Your assignment:
Since the pictures are not wanted, retype the listing below exactly and without them.

Raw data:
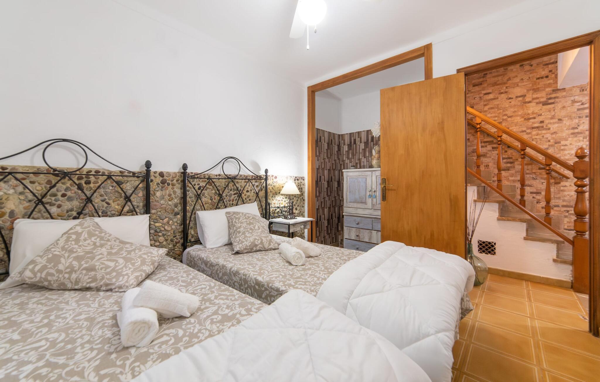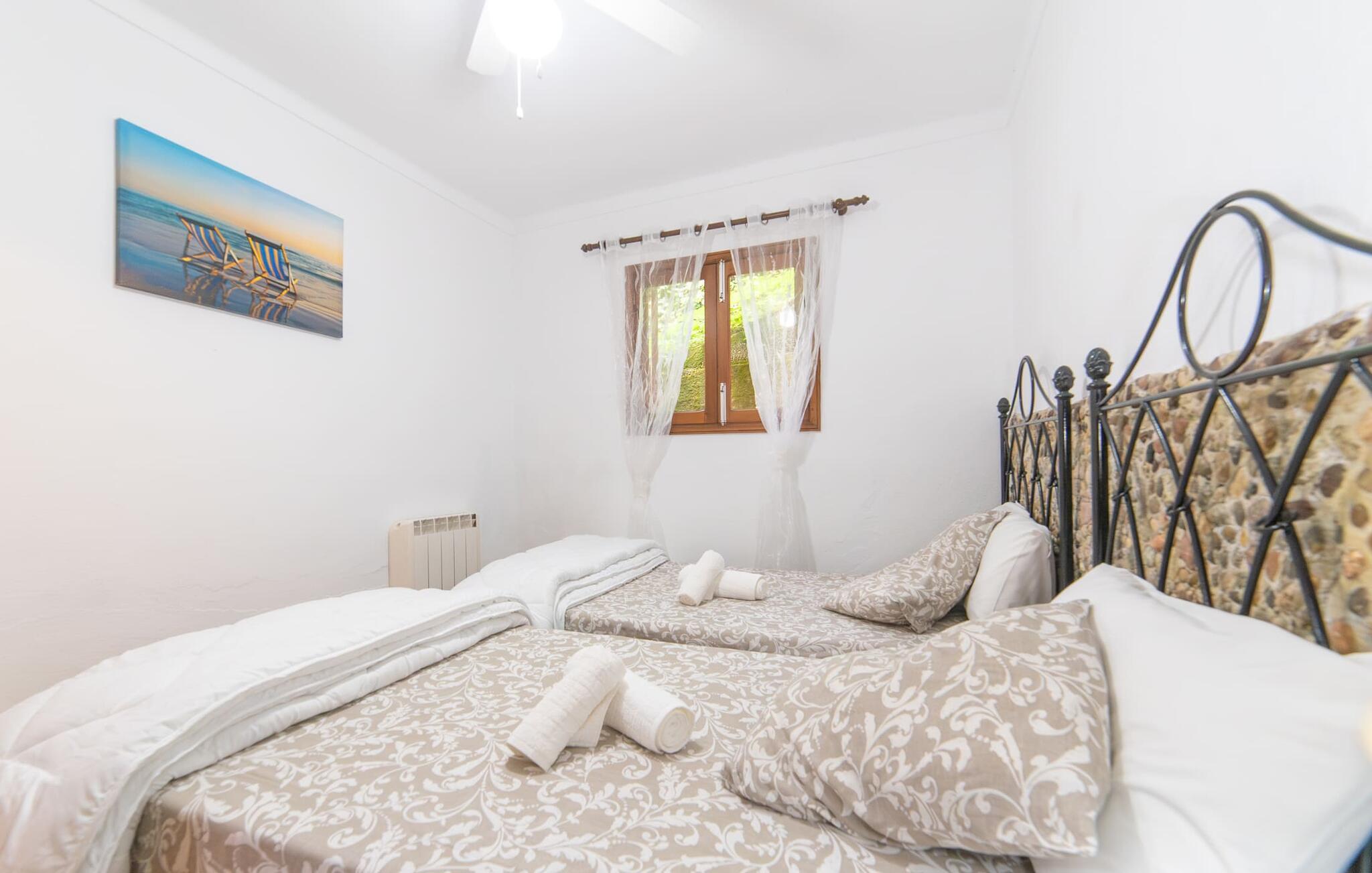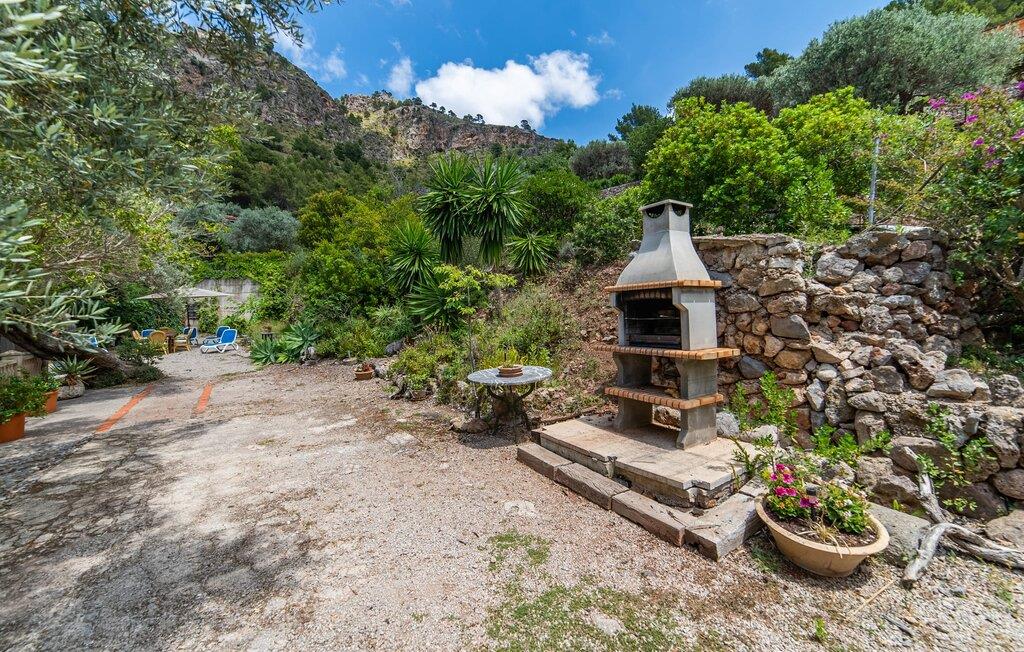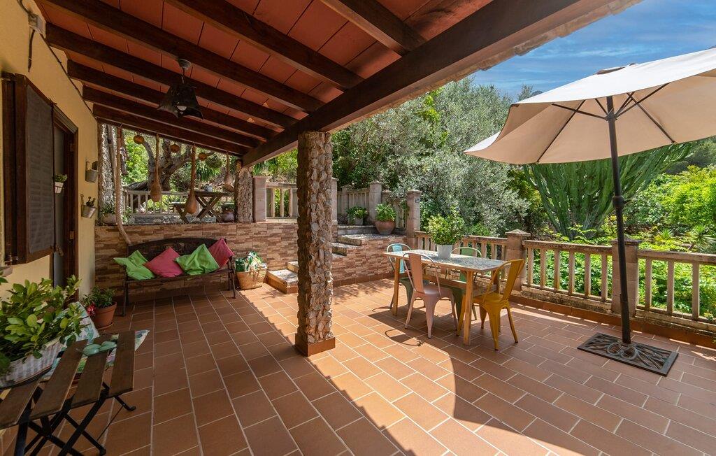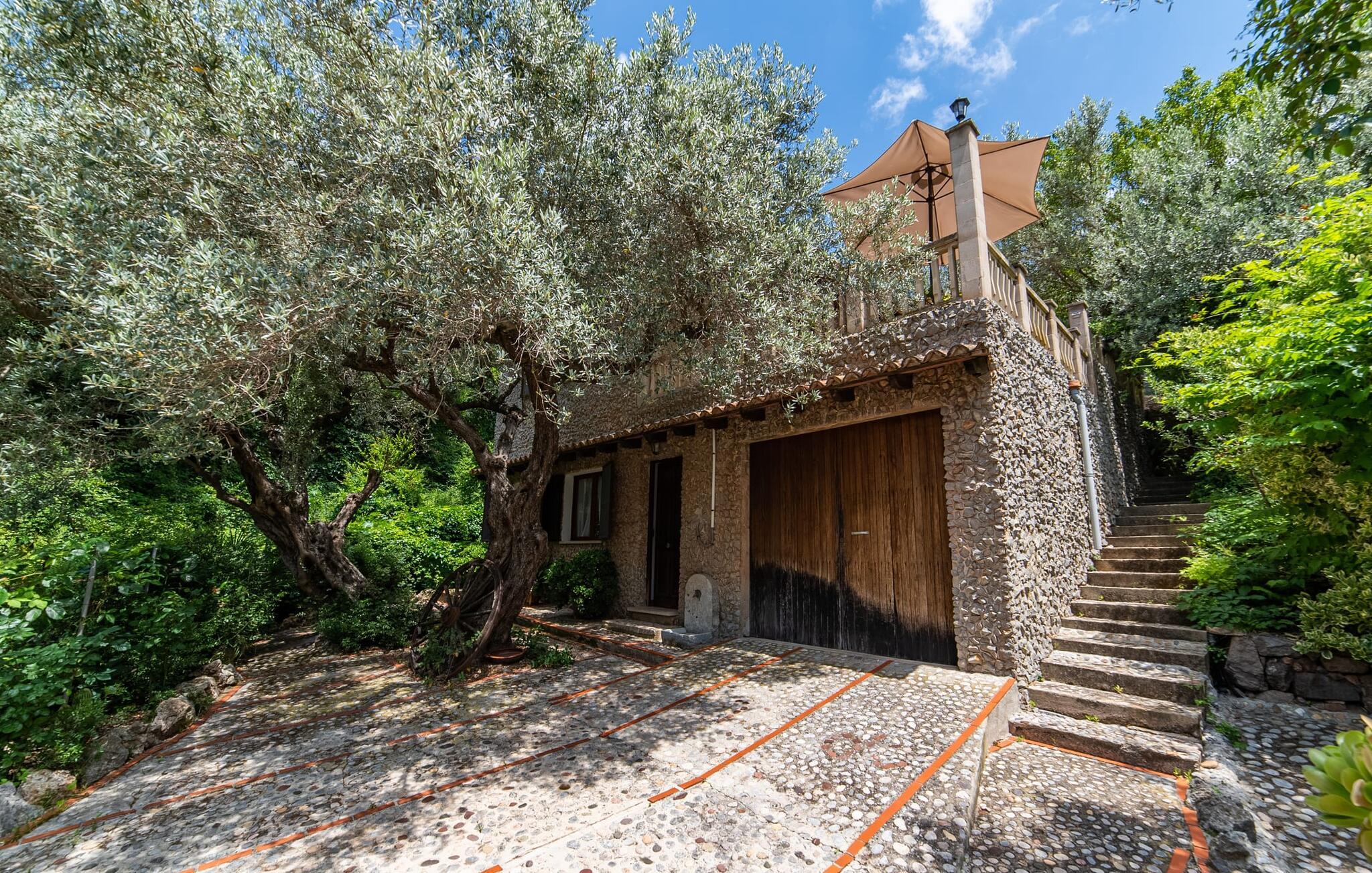 Bjerghytten "Cas Sito" i den nordlige del af Mallorca ligger i den vilde natur i Tramuntana-bjergene. Det giver jer den sjældne mulighed for at vågne op midt i et spektakulært verdensarvssted. Gamle oliventræer og frodige grønne planter danner en skyggefuld jungle omkring de afsondrede terrasser på bjergsidens ejendom, hvilket gør det nemt at slappe af. Selv i de varme sommermåneder. Adgang til ejendommen sker via en indkørsel og de to terrasser på forsiden af huset. Mens den første terrasse byder på en rustik spiseplads i skyggen af frodig vegetation, tilbyder den anden terrasse en fantastisk udsigt over den imponerende bjergfront. Haven byder på en muret grill, et solrigt, afskærmet område med liggestole og flere andre komfortable spisepladser. Indenfor strækker opholdsrummet sig over to plan. Hovedindgangen fører til det øverste niveau med en åben opholdsstue med pejs, spiseplads og et rummeligt, fuldt udstyret køkken. Området har varm/kold aircondition. En trappe fører jer ned til underetagen. Takket være beliggenheden på bjergsiden har de tre dobbeltværelser også udsigt til haven. De tre velholdte soveområder deler et moderne badeværelse med brus. Huset er udstyret med radiatorer, så vandrere og cyklister kan finde et hyggeligt fristed efter lange ture. Bjerghuset ligger på en bjergskråning med frodig natur i centrum af Tramuntana-bjergene i den nordlige del af Mallorca. Cala Tuent-bugten og dens restaurant ligger 13 minutters gang eller 3 minutter i bil. Der er interessante cykel- og vandreruter, for eksempel til reservoirerne Gorg Blau og Cúber.
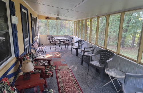 The single level ranch cabin is off a private drive and away from any traffic. Lakefront quiet cozy peacefulness is our by pines take you to Lake Hartwell and your private boat dock with a swim ladder. The dock is always in deep water. Tie up your boat or fish right off the dock. (You may fish anywhere on Lake Hartwell with either a Georgia or South Carolina fishing license).
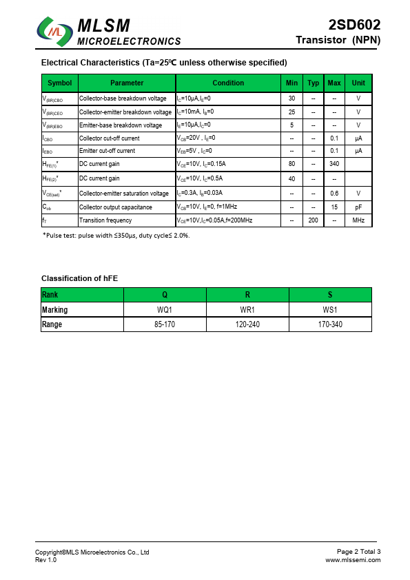 2SD602 | NPN Transistor | SeCoS |

Written reply:
 Bjerghytten "Cas Sito" i den nordlige del af Mallorca ligger i den vilde natur i Tramuntana-bjergene. Det giver jer den sjældne mulighed for at vågne op midt i et spektakulært verdensarvssted. Gamle oliventræer og frodige grønne planter danner en skyggefuld jungle omkring de afsondrede terrasser på bjergsidens ejendom, hvilket gør det nemt at slappe af. Selv i de varme sommermåneder. Adgang til ejendommen sker via en indkørsel og de to terrasser på forsiden af huset. Mens den første terrasse byder på en rustik spiseplads i skyggen af frodig vegetation, tilbyder den anden terrasse en fantastisk udsigt over den imponerende bjergfront. Haven byder på en muret grill, et solrigt, afskærmet område med liggestole og flere andre komfortable spisepladser. Indenfor strækker opholdsrummet sig over to plan. Hovedindgangen fører til det øverste niveau med en åben opholdsstue med pejs, spiseplads og et rummeligt, fuldt udstyret køkken. Området har varm/kold aircondition. En trappe fører jer ned til underetagen. Takket være beliggenheden på bjergsiden har de tre dobbeltværelser også udsigt til haven. De tre velholdte soveområder deler et moderne badeværelse med brus. Huset er udstyret med radiatorer, så vandrere og cyklister kan finde et hyggeligt fristed efter lange ture. Bjerghuset ligger på en bjergskråning med frodig natur i centrum af Tramuntana-bjergene i den nordlige del af Mallorca. Cala Tuent-bugten og dens restaurant ligger 13 minutters gang eller 3 minutter i bil. Der er interessante cykel- og vandreruter, for eksempel til reservoirerne Gorg Blau og Cúber.
 The single level ranch cabin is off a private drive and away from any traffic. Lakefront quiet cozy peacefulness is our by pines take you to Lake Hartwell and your private boat dock with a swim ladder. The dock is always in deep water. Tie up your boat or fish right off the dock. (You may fish anywhere on Lake Hartwell with either a Georgia or South Carolina fishing license).
 2SD602 | NPN Transistor | SeCoS |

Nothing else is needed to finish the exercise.